O que é KYA (Know Your Agent): Guia Completo
Explicamos o que é o processo KYA, porque é necessário na era dos agentes de IA, como funciona e o que implica para empresas que operam com agentes autónomos.
O que significa KYA
KYA é a sigla de Know Your Agent (Conhece o teu Agente). É o processo através do qual uma empresa identifica, verifica e monitoriza os agentes de inteligência artificial que interagem com os seus sistemas, serviços ou clientes.
Se o KYC (Know Your Customer) verifica que uma pessoa é quem diz ser, o KYA verifica que um agente de IA é o que diz ser: quem o criou, que permissões tem, em nome de quem atua e o que está autorizado a fazer.
Porque é que o KYA existe
A adoção de agentes de IA está a crescer exponencialmente. Em 2026, milhões de agentes autónomos operam na internet realizando tarefas em nome de pessoas e empresas: reservam viagens, gerem compras, negoceiam contratos, acedem a APIs e executam transações financeiras.

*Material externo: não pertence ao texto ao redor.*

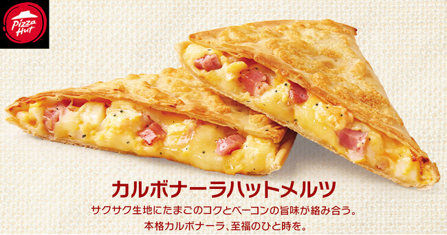 同時にたまごとチーズのコクが絶妙な「カルボナーラ Hut Melts」も新登場!こちらも、ピンク色のベーコンとたまごの明るい黄色が春らしさを感じさせてくれるHut Meltsです。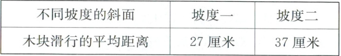 (4)如果给坡度二中的木块装上轮子,那么木块被撞击后运动的距离会(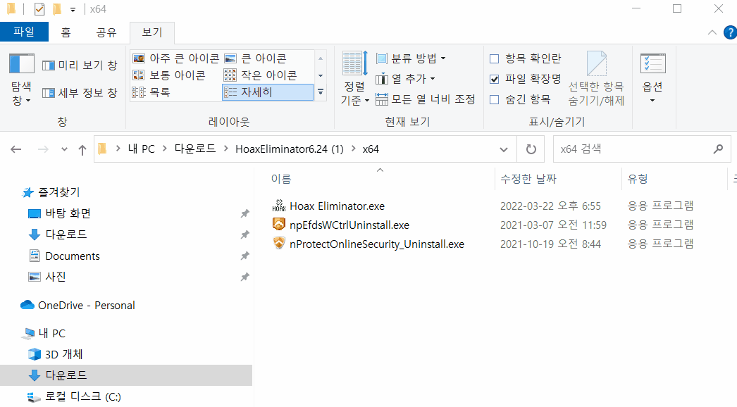 그리고 숨김 속성 이외에 확장자가 안보이는 경우가 있는데요.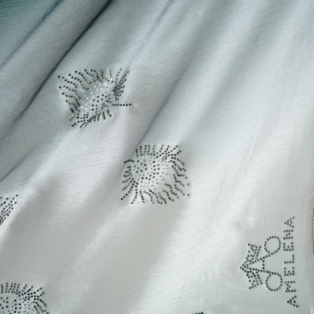 Created from a luxurious silk‑chiffon blend softened with fine cotton, this AMELENA scarf offers an airy, elegant drape. Its ombré hues flow seamlessly from shade to shade, creating a soft gradient that elevates any look. Each piece is exclusively embellished with AMELENA’s signature crystal designs, adding a refined shimmer that feels both modern and timeless.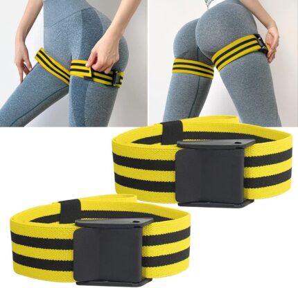 KASTWAVE Blood Flow Restriction Bands for Weight Lifting, Butt Thigh Arms & Legs Booty Workout, Occlusion Training Glutes Hip Building, 2 Inch Wide Strong Adjustable Women, Men(2 Pack,Yellow)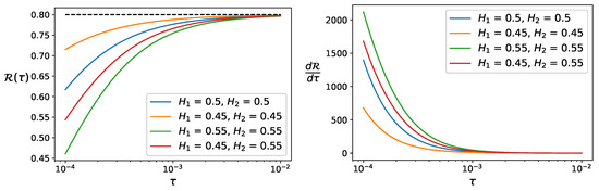 Proposition 3. For any Hurst exponent pair , and for any correlation coefficient , define the following pair of correlated fractional Brownian motions:where and are independent standard Brownian motions, and the operator is defined in Equation (7). Then their multiscale correlation function is as follows: Proof. Without loss of generality, let us take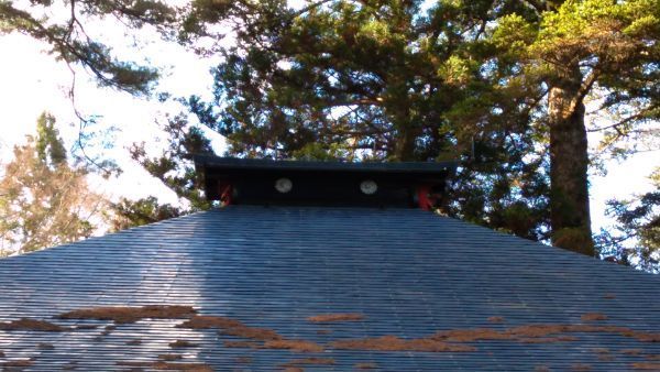 大棟の小さい屋根の下に、赤い鬼面が見えます。大棟の鬼面は甲信地方の寺社でしばしば見かける意匠です。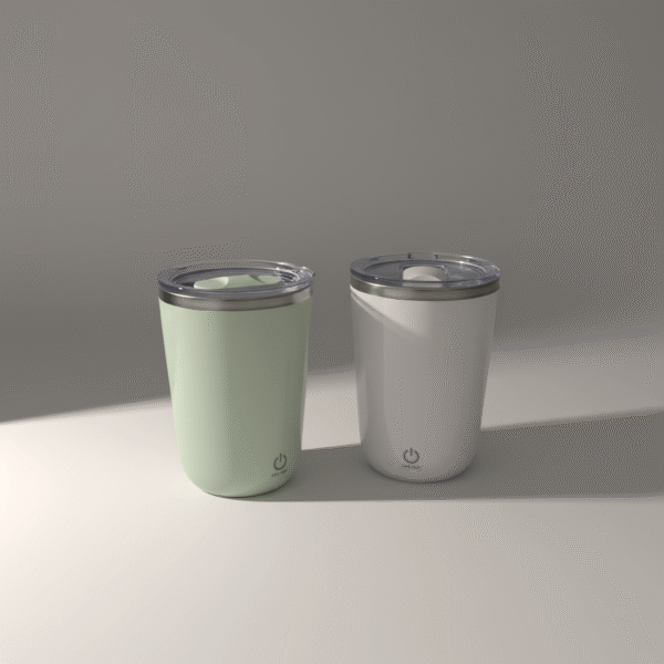Keep drinks hot or cold with this insulated mug in sage green and white. Features a splash-resistant lid, smooth matte finish, and minimalist style for Lebanese homes.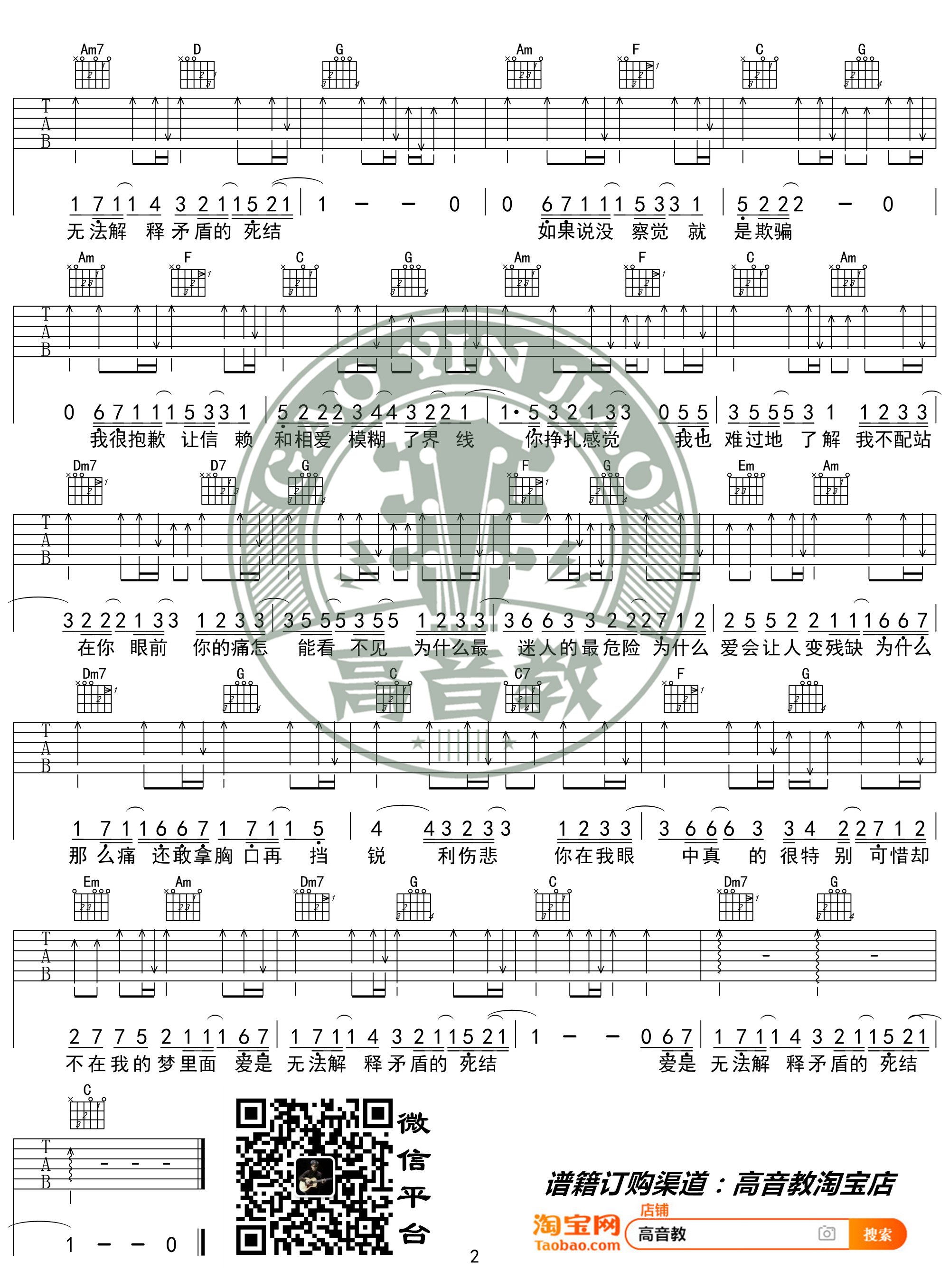 曲谱介绍: 《迷人的危险》吉他弹唱谱,采用G调指法编配,共有2张高清图谱,免翻页排版设计。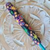 This technique creates vivid, multi size pieces that I am able to use as appliques onto many different surfaces. Here, I’ve applied them to the hook, creating a one of a kind gift, from start to finish. Also, since there is no paint involved, the colors will not fade, wear off or run. With continued use, the surface will patina into richer colors and a shinier surface as it absorbs the oils in your hands! This clay actually gets prettier with use.
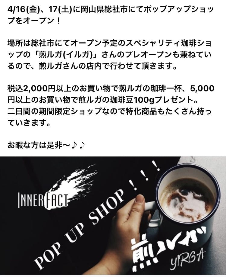 インナーファクト&UGLOWの商品をお買い上げいただいたら煎ルガのコーヒー豆やコーヒー一杯プレゼント!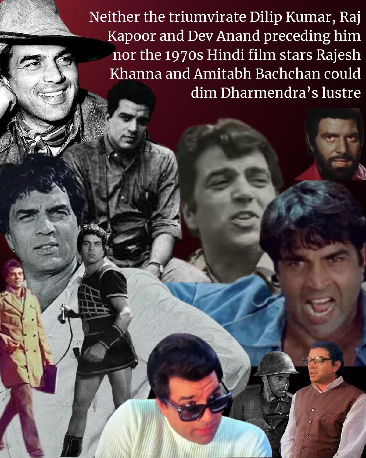 Dharmendra’s popularity was as enormous as it was durable. Neither the terrific triumvirate of Dilip Kumar, Raj Kapoor and Dev Anand who preceded him nor the all-conquering duo of Rajesh Khanna and Amitabh Bachchan who altered 1970s Hindi cinema could influence the course of his stardom or dim its lustre.
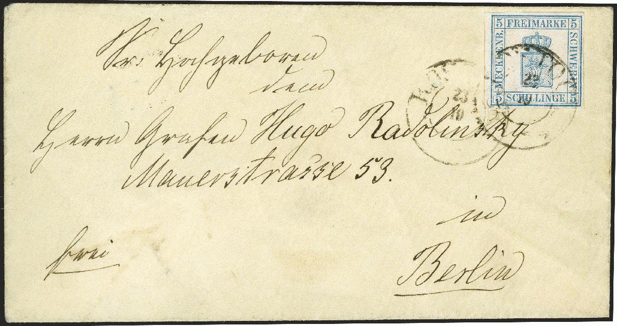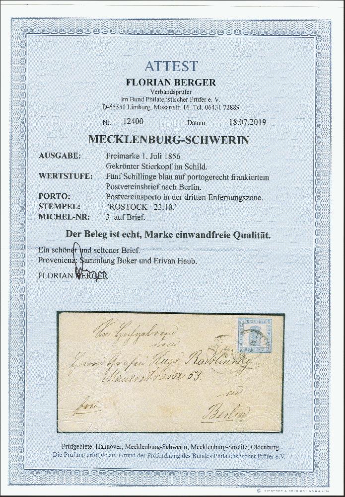 | Zusatzinformationen und Suchstichworte: | 372. Auktion Heinrich Köhler 14. Dezember 2019 Los 125 5 Schilling blau, voll- bis breitrandig und farbfrisch mit zweimal leicht aufgesetztem Doppelkreisstempel "ROSTOCK 23/10" auf Briefkuvert nach Berlin mit rückseitigen Bahnpost- und Ausgabestempeln. Das Kuvert außerhalb der Frankatur leicht knittrig, sonst einwandfrei. Eine attraktive Einzelfrankatur. Fotoattest Berger BPP (2019) Ausruf 400,00 EUR Zuschlag 1.300,00 EUR (aus der Sammlung Erivan Haub) |

Este novo paradigma gera perguntas que o KYC tradicional não consegue responder:
- Quem está por trás deste agente?
- Tem autorização para realizar esta operação?
- Atua em nome de uma pessoa real e verificada?
- As suas credenciais são legítimas ou foram falsificadas?
- Que nível de autonomia tem e quem é responsável pelas suas ações?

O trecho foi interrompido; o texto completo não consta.